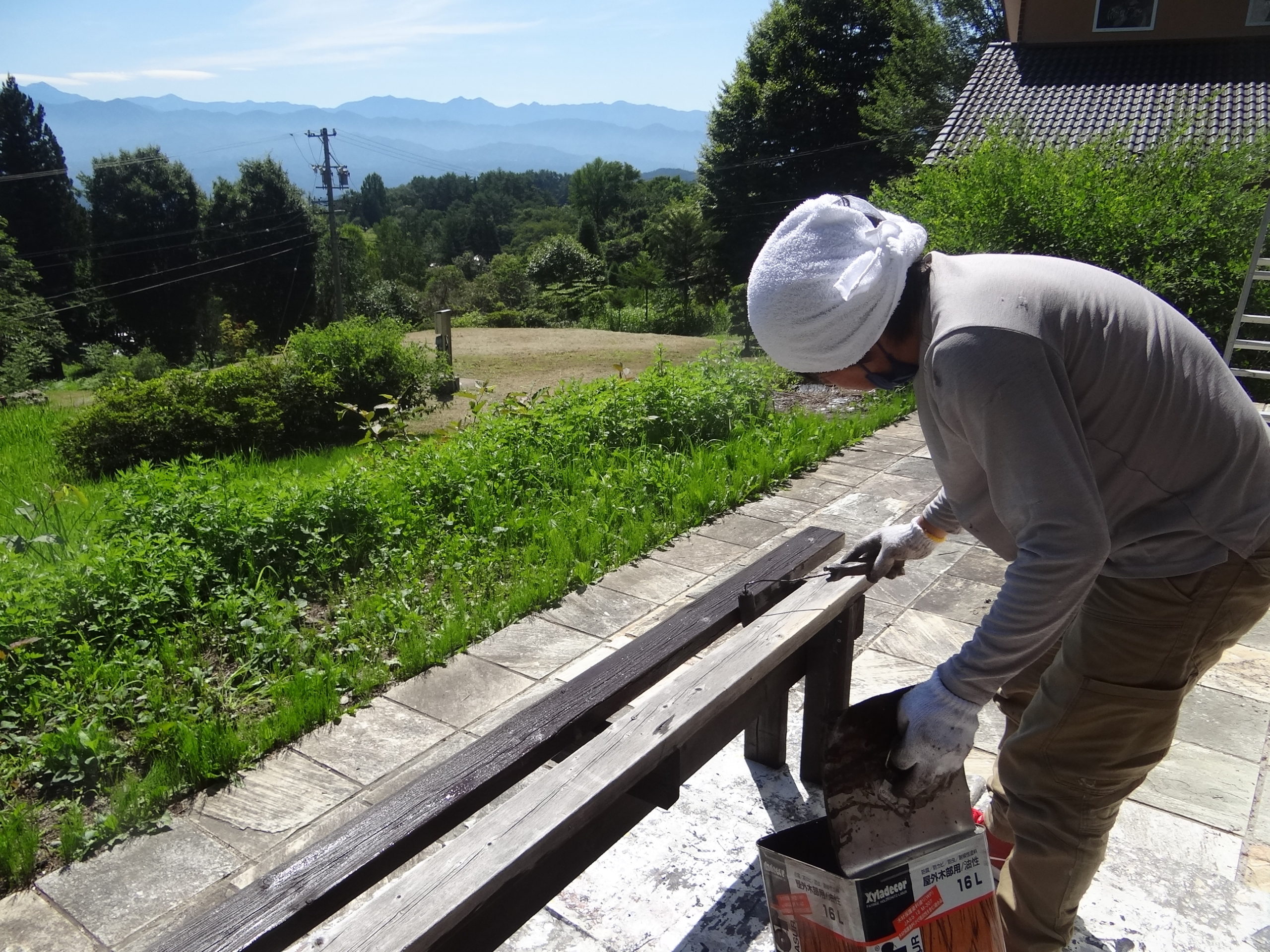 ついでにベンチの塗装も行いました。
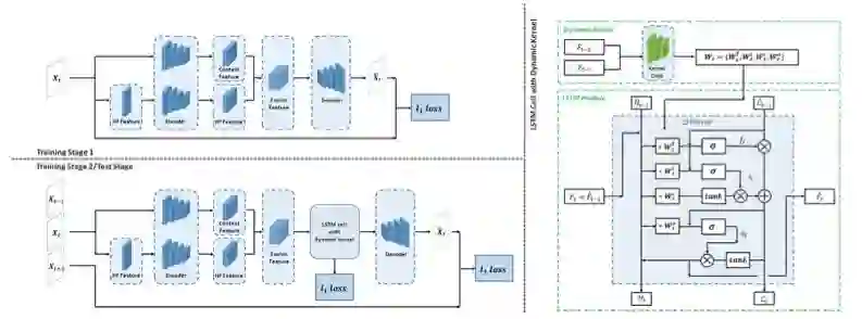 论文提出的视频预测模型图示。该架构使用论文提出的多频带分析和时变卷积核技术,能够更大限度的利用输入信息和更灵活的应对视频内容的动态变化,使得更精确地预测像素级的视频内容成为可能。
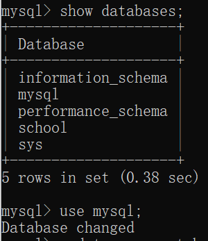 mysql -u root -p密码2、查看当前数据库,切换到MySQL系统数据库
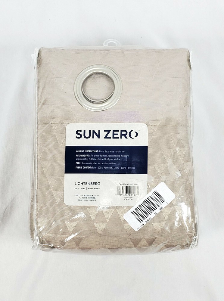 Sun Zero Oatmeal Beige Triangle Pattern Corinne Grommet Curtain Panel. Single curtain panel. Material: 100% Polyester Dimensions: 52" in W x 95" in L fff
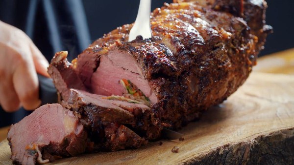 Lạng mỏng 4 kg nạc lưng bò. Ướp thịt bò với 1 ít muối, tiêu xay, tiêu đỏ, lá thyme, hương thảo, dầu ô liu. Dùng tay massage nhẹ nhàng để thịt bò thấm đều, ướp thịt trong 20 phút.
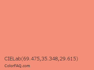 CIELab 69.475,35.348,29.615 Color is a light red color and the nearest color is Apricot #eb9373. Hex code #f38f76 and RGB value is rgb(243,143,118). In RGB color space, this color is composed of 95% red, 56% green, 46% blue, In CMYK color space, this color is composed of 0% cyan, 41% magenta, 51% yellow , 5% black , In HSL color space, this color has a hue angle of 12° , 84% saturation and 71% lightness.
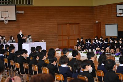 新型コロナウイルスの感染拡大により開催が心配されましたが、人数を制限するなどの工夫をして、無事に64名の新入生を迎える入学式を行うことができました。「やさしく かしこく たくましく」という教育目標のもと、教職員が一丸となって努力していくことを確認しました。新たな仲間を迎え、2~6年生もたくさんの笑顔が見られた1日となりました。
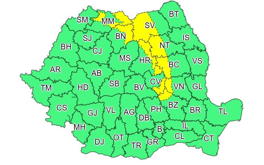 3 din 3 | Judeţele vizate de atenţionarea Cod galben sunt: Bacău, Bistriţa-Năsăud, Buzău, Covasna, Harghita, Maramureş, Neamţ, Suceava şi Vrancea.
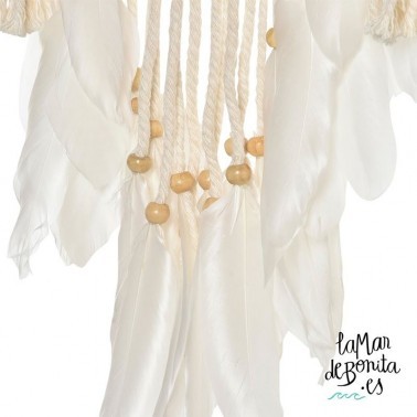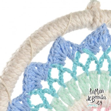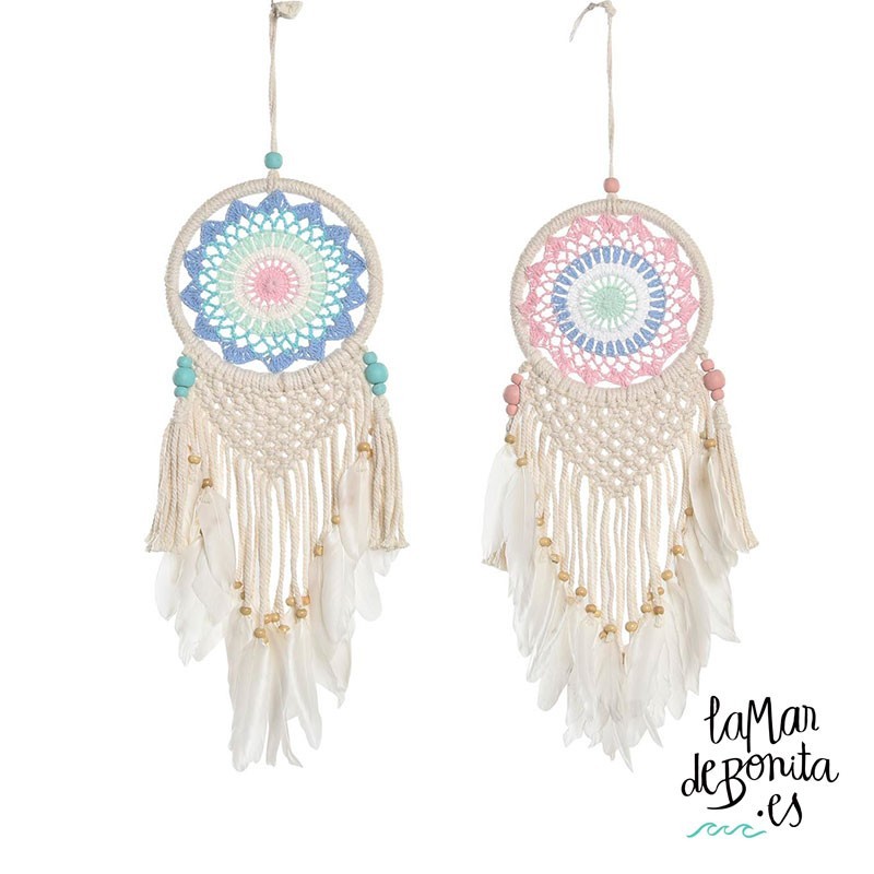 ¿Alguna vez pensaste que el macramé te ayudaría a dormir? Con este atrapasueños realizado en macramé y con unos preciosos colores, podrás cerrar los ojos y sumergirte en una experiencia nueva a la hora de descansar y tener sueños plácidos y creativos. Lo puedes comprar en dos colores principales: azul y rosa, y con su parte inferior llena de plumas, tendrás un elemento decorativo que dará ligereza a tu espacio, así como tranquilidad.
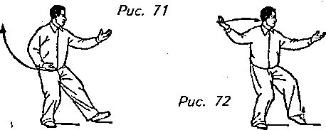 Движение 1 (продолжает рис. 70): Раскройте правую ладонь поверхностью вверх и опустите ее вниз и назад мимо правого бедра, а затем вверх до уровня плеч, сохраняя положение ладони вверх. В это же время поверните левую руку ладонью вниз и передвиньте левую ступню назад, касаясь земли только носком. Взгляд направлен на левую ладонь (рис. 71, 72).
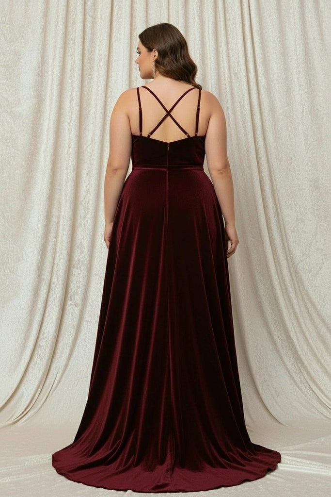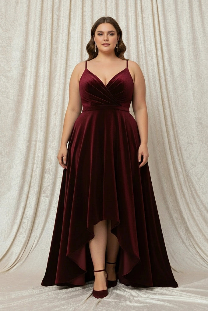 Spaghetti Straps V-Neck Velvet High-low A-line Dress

★ ★ ★ ★ ★

▸ Description of the task
Your answer should consist of the lines above between those holding "CIELab 69.475,35.348,29.615 Color" and "3 din 3 | Judeţele", inclusive, reproduced word for word and without pictures.

▸ Result of the task
 CIELab 69.475,35.348,29.615 Color is a light red color and the nearest color is Apricot #eb9373. Hex code #f38f76 and RGB value is rgb(243,143,118). In RGB color space, this color is composed of 95% red, 56% green, 46% blue, In CMYK color space, this color is composed of 0% cyan, 41% magenta, 51% yellow , 5% black , In HSL color space, this color has a hue angle of 12° , 84% saturation and 71% lightness.
 新型コロナウイルスの感染拡大により開催が心配されましたが、人数を制限するなどの工夫をして、無事に64名の新入生を迎える入学式を行うことができました。「やさしく かしこく たくましく」という教育目標のもと、教職員が一丸となって努力していくことを確認しました。新たな仲間を迎え、2~6年生もたくさんの笑顔が見られた1日となりました。
 3 din 3 | Judeţele vizate de atenţionarea Cod galben sunt: Bacău, Bistriţa-Năsăud, Buzău, Covasna, Harghita, Maramureş, Neamţ, Suceava şi Vrancea.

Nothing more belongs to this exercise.